Requirement
Every line in the entries that holds the word "البحر" counts toward the answer, which should be a single number.

====== Input data

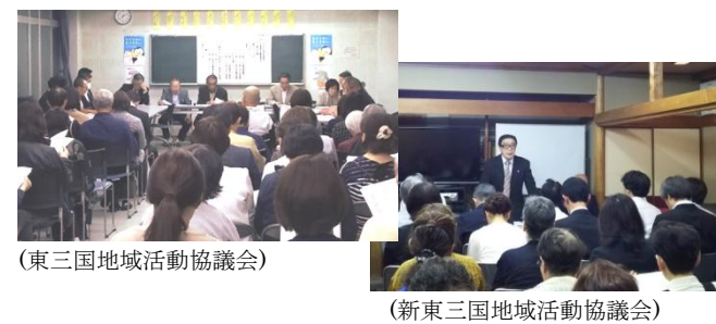
(東三国地域活動協議会)

各地域活動協議会で総会(運営委員会など)が開催され、H29年度の事業実施報告、収支決算報告とH30年度の事業計画、予算計画の提案が承認されました。また、役員改選にあっている地域では、役員改選実施委員会などが開催・審議され、新体制が決まりました。
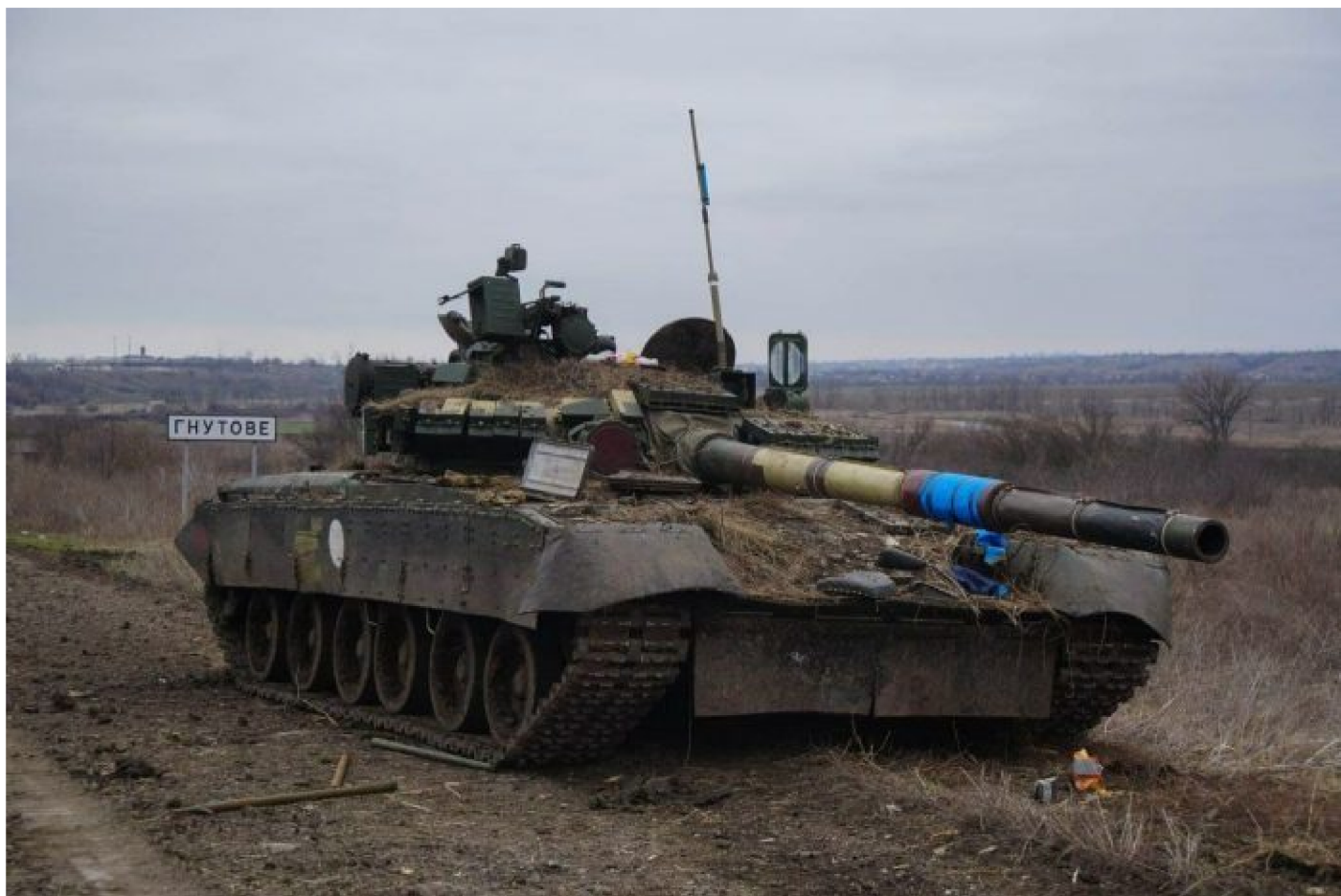
Opuštěný ukrajinský tank nedaleko obce Gnutove

Kyjevskou juntou si vodí Londýnské kanceláře Domu Rothschild a jejich bitevní mopslík s hvězdy a pruhy doslova na provázcích. Cílem je podle Moskvy reset zákonnosti na Ukrajině a návrat demokratických principů zpátky do počátku roku 2014. Ukrajina nesmí být řízena zvenčí a nesmí ohrožovat život, jazyk a svobody národností a etnik na Ukrajině. A toto zkrátka dnešní vláda v Kyjevě akceptovat zjevně nechce. Je otázka, jestli dojde ke změně názoru v Kyjevě, že Ukrajina nebude čistě ukrajinská, ale bude federalizovaná jsou stát několika etnik a kultur. Demokraticky a diplomaticky toho zjevně již dosáhnout nešlo, takže došlo na válečné odstranění hrozby.
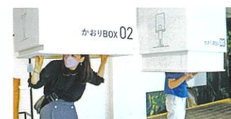
▲香りで満たされたBOXへ
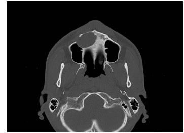
Bildgebung - CT axial präoperativ
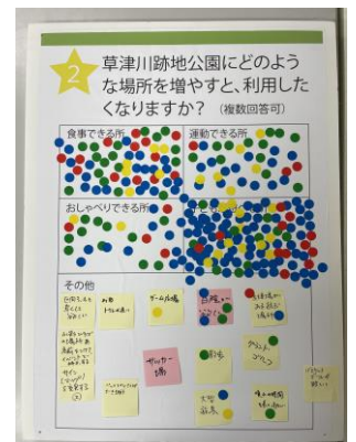
▲ヒアリング時の意見ボード
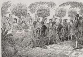
البحر المتوسط من البحر المتوسط

وأجود التربة حديقة في المنطقة الواقعة بين البحيرات المرة وحادية السويس. وكان يهدد المنطقة بحرب صليب في البحر بعد الترتيبات التي من استخدام البوابات لتجفيف البحر. فلماذا تميل الحكام المصريين طويلاً وأحياناً إخراج السويس لتقاربه كقرية. ألقوا كتاب على هذه المسألة وهي المعرفة التي رسم الحفار من حادف

============

Task response
2